The January 2005 settlement agreement between Lincoln and LUC-AAUP includes the following release:
LUC-AAUP releases Lincoln University from any and all claims or demands that it may have based on or relating to the strike or picketing in the Fall 2003. This includes a release of any and all rights or claims that LUC-AAUP may have under Pennsylvania's Employee Relations Act, 43 P.S. § 110.101 et seq.; the Employee Retirement Income Security Act, 29 U.S.C. § 1001, et seq.; Consolidated Omnibus Budget Reconciliation Act, 29 U.S.C. § 1161, et seq.; or any other federal, state or local law or regulation regulating employment that relate, in any way, to the strike or picketing in the Fall 2003. LUC-AAUP also releases Lincoln University for any claim of breach of contract or any other claim arising under common law that relates, in any way, to the strike or picketing in the Fall 2003. This release covers claims that LUC-AAUP knows, or may not know, about through the date of this Agreement.
Under the settlement agreement, Lincoln agreed to release "LUC-AAUP from any and all claims or demands that it may have based on or relating to the strike or picketing in the Fall 2003," including any claims that "Lincoln University knows, or may not know, about through the date of this Agreement." See Def's Mot., Ex. D ¶ 5.
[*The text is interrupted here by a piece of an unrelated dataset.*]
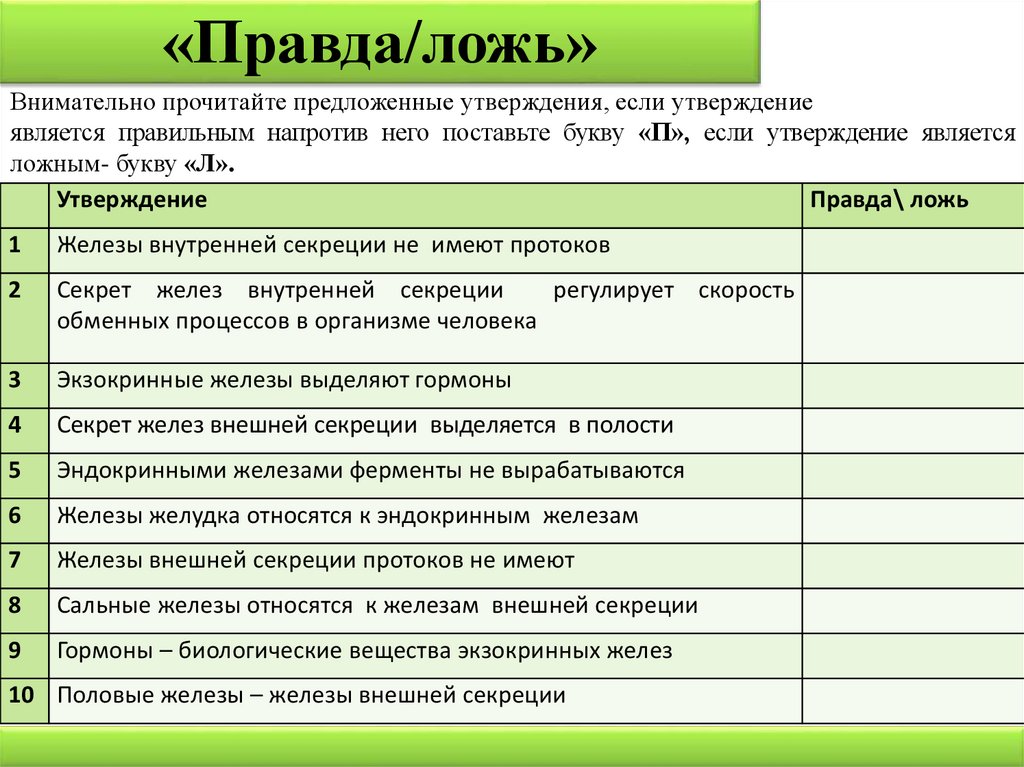 «Правда/ложь»Внимательно прочитайте предложенные утверждения, если утверждение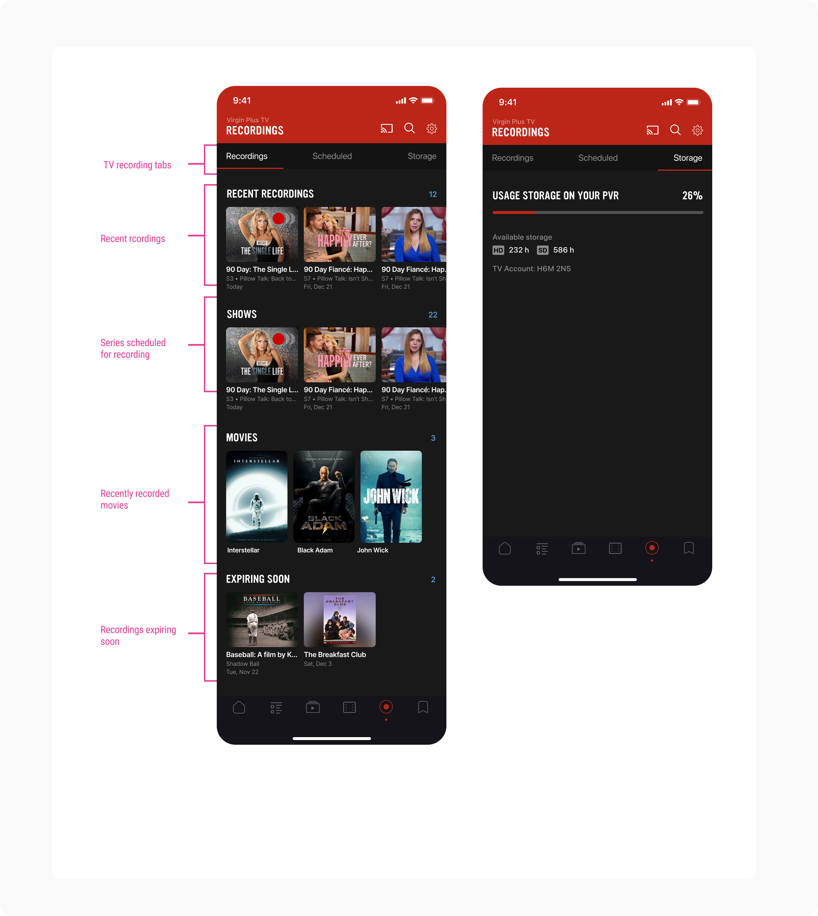 Solution 6: Designing the ability to record from the appTo extend the value of Virgin Plus TV beyond basic streaming, we designed a scalable streaming platform architecture that supported both mobile and TV apps with consistent content libraries, user profiles, and casting infrastructure. The platform enabled seamless synchronization between devices—allowing users to start watching on mobile and continue on TV, or vice versa, without losing their place.

Def's Mot., Ex. D ¶ 4. Since plaintiffs have not alleged that the union breached its duty of fair representation, the settlement by plaintiffs' exclusive bargaining representative has the same effect under law as if plaintiffs themselves consented to the provisions. See Bolden, 953 F.2d at 825-29. Plaintiffs are bound by this release. Therefore, plaintiffs have released Lincoln from all rights or claims they may have under COBRA and/or the WCPL. As a result, plaintiffs' complaint must be dismissed.
Plaintiffs did not address the Third Circuit's holding inBolden. See Pls' Opp.; see also Def's Reply at 2-3. Rather, plaintiffs argued that the existence of a collective bargaining agreement between Lincoln and LUC-AAUP, which does not contain an express and clear waiver of the rights of employees to bring a lawsuit, does not bar plaintiffs from proceeding with this litigation since plaintiffs are seeking to vindicate individual employment rights guaranteed by statute. Pls' Opp. at 10-16 (citing, inter alia, Barrentine v. Arkansas-Best Freight System, Inc., 450 U.S. 718 (1981); Alexander v. Gardner-Denver, 415 U.S. 36 (1974)). However, the instant issue is whether plaintiffs' action is precluded by a settlement agreement, the issue in Bolden and Dykes, not by a collective bargaining agreement, the issue in Barrentine andGardner-Denver.
IV. CONCLUSION
Accordingly, defendant's motion to dismiss is granted. An appropriate order follows.